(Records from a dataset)
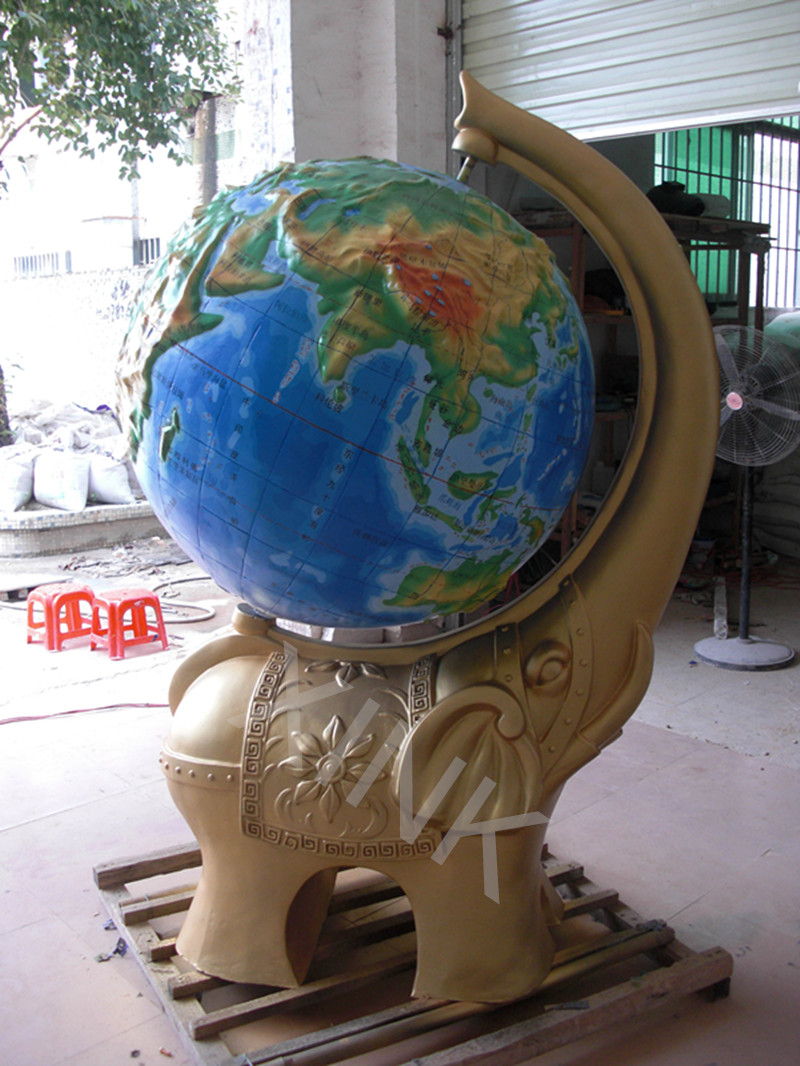 1米象座地球儀模型采用高分子復合材料制作,以有色無機物為填充料,阻燃性好,采用多層泊金纖維,一次性高壓成形,平均厚度7mm以上。具有密度高、強度高、收縮性好,不易龜裂變形。采用高級汽車油漆烤漆,表面使用高級汽車水晶漆保護,經得起風吹,日曬,雨淋不退色.大小比例協調,實用性較強,不易損壞,維修方便教學元素:1.七大洲,包括地形概況.四大洋:包括位置、面積、深度、地理分區、海底地形、島嶼等。識別功能:球體表示的文字是采用鏤空字體進行噴漆標注,大小比例協調,內容詳細,實用性較強。底座為大象仿銅藝術造型。
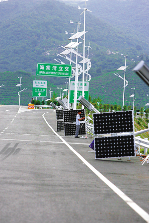 | 海棠湾景观大道即将正式通车,三亚市政工人正在忙着安装太阳能路灯。
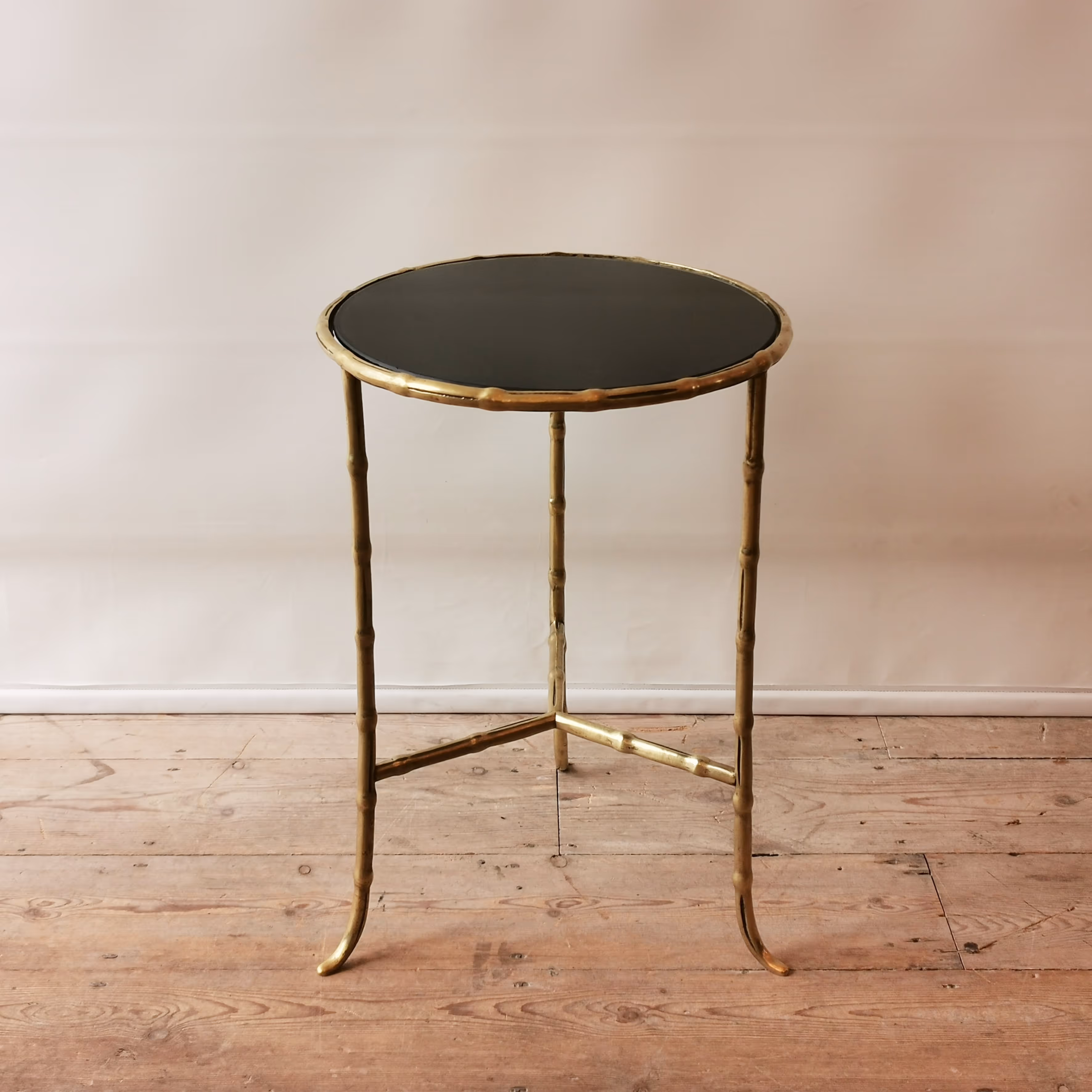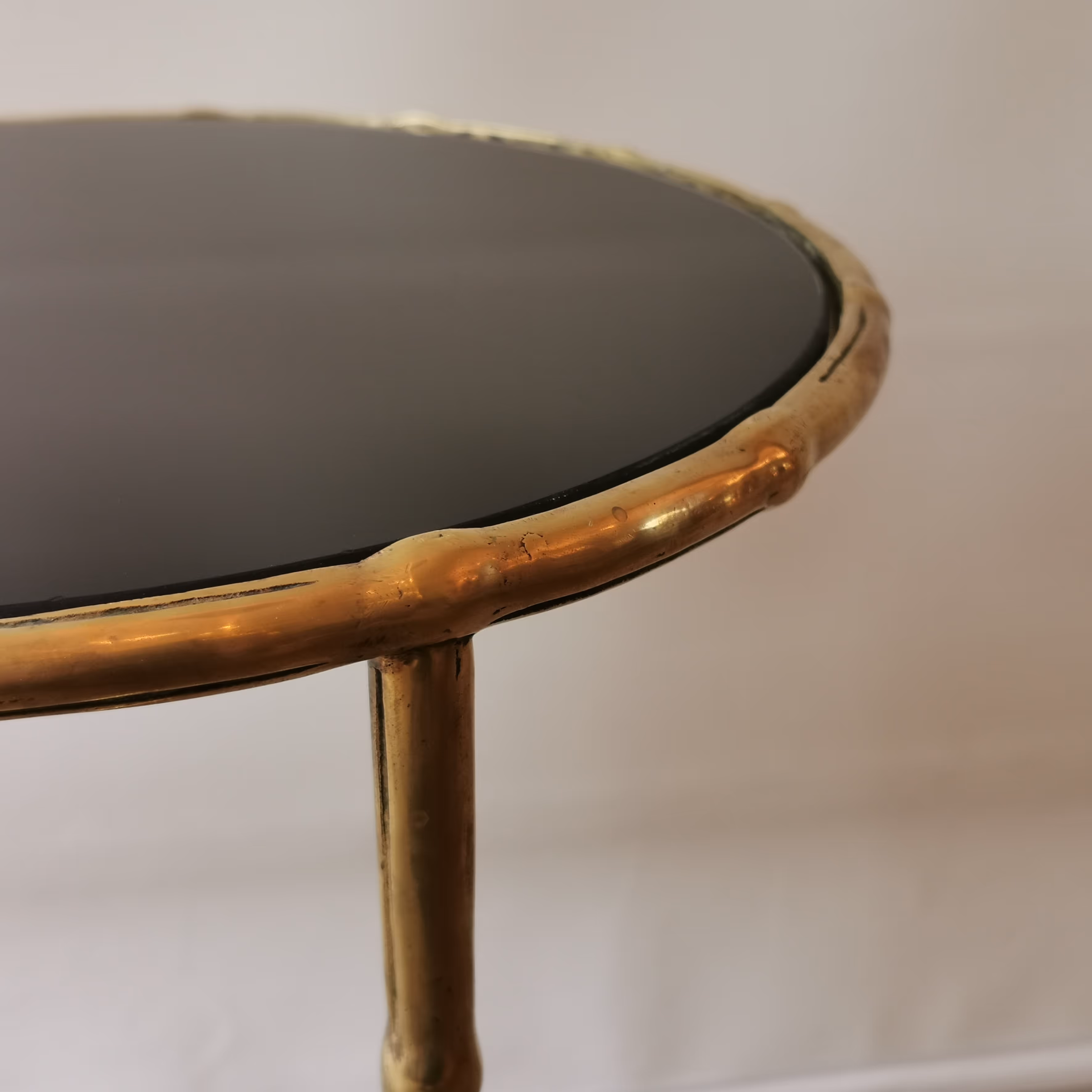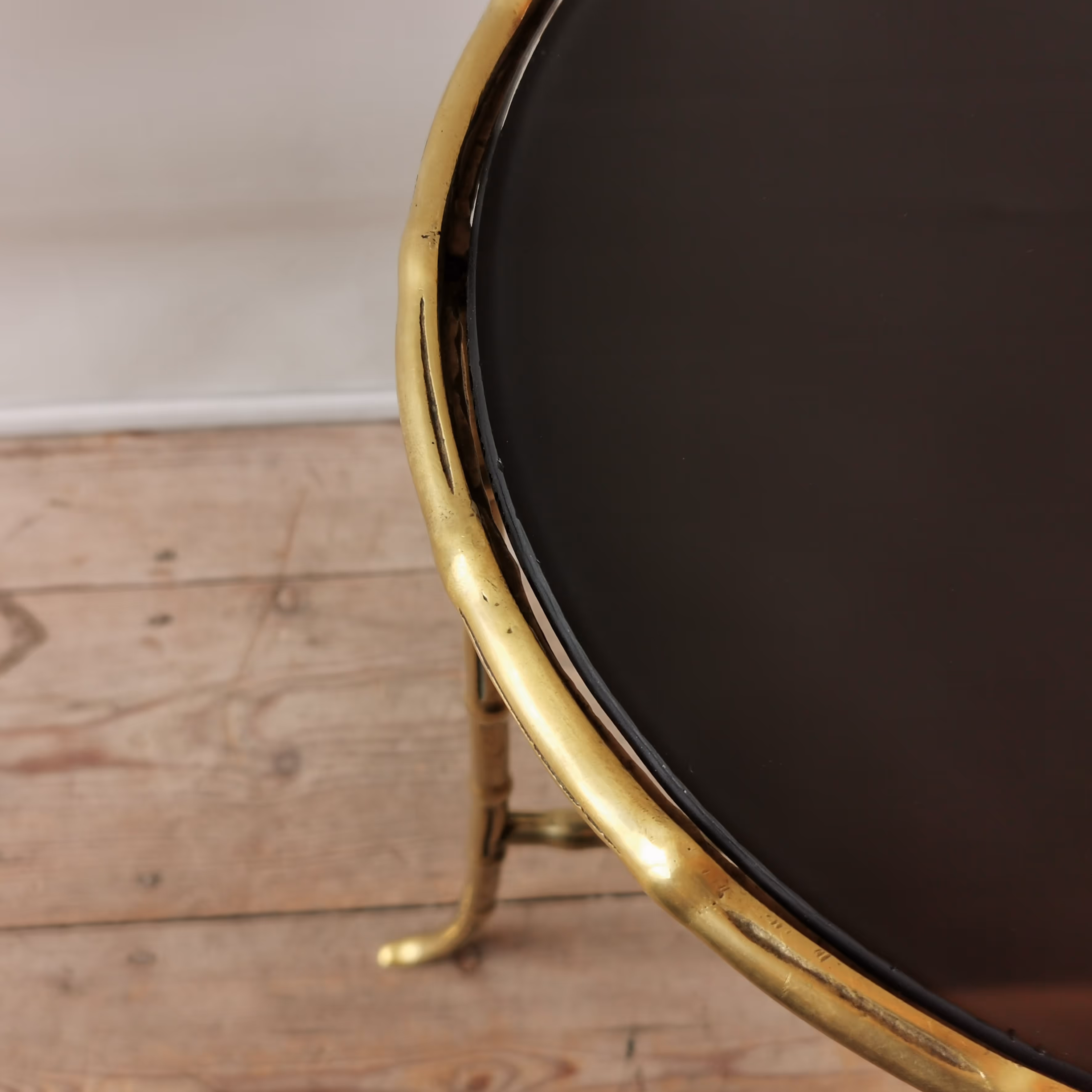 Circular faux bamboo side table, brass tripod base and new black glass top. Possibly by Maison Baguès
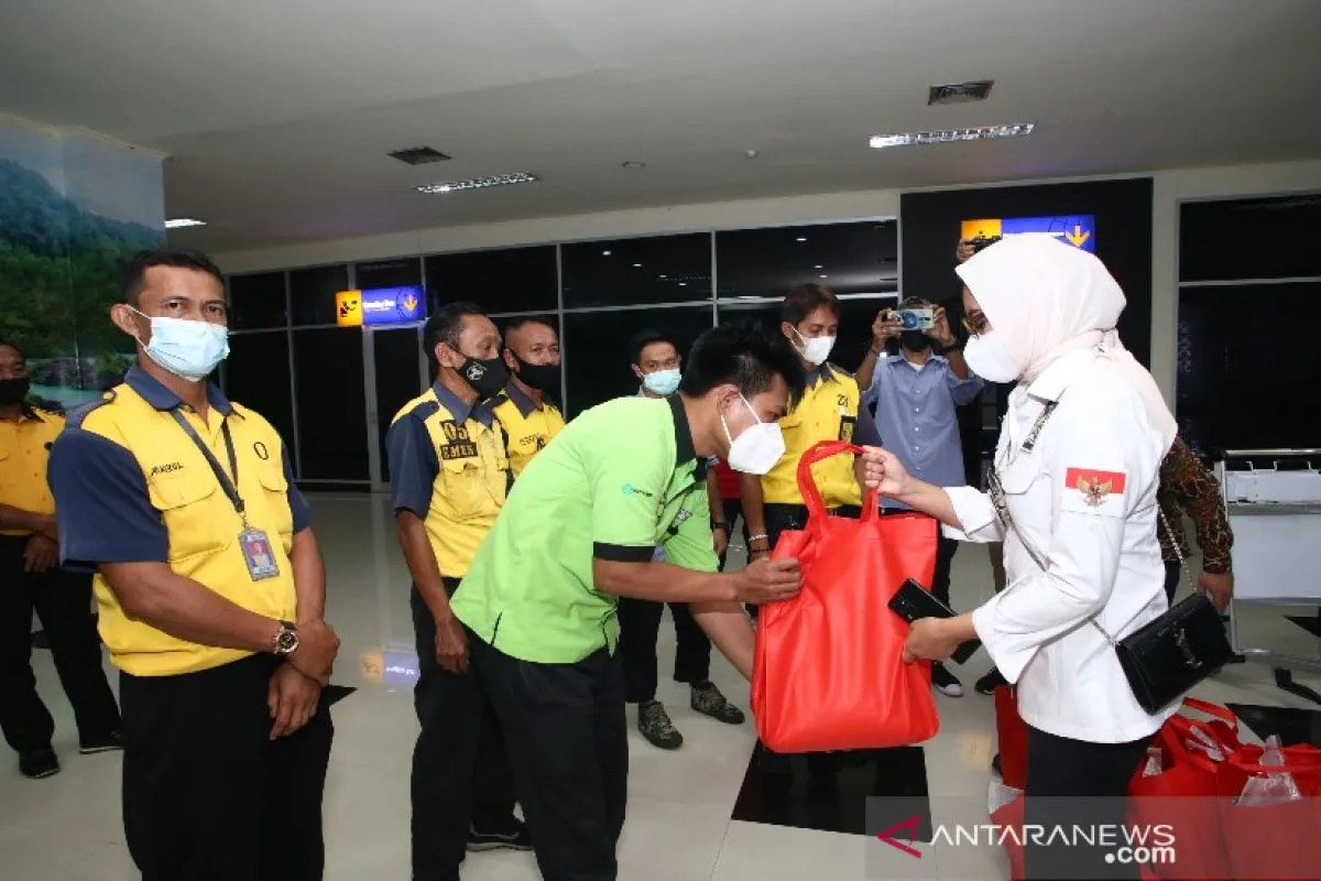 Kendari (ANTARA) - Anggota DPD RI Dapil Sulawesi Tenggara, Wa Ode Rabia Al Adwia Ridwan memberikan bantuan sembako kepada pramuantar atau pramubarang (porter) Bandara Haluoleo yang terdampak selama pemberlakuan pembatasan kegiatan masyarakat (PPKM) level 3.
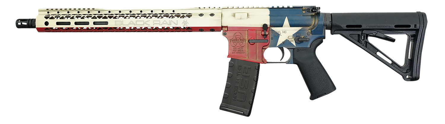 Black Rain Ordnance BROPATTEXAS Spec 15+ Patriot 5.56x45mm NATO 30+1 16″, Texas Flag, 15″ Slim M-LOK, Magpul Grip/Carbine Stock

▶ _Description of the task_: Stop after the line containing "Circular faux bamboo": copy the records exactly from the first line up to there, leaving pictures out.

▶ _Reply to the exercise_:
 1米象座地球儀模型采用高分子復合材料制作,以有色無機物為填充料,阻燃性好,采用多層泊金纖維,一次性高壓成形,平均厚度7mm以上。具有密度高、強度高、收縮性好,不易龜裂變形。采用高級汽車油漆烤漆,表面使用高級汽車水晶漆保護,經得起風吹,日曬,雨淋不退色.大小比例協調,實用性較強,不易損壞,維修方便教學元素:1.七大洲,包括地形概況.四大洋:包括位置、面積、深度、地理分區、海底地形、島嶼等。識別功能:球體表示的文字是采用鏤空字體進行噴漆標注,大小比例協調,內容詳細,實用性較強。底座為大象仿銅藝術造型。
 | 海棠湾景观大道即将正式通车,三亚市政工人正在忙着安装太阳能路灯。
 Circular faux bamboo side table, brass tripod base and new black glass top. Possibly by Maison Baguès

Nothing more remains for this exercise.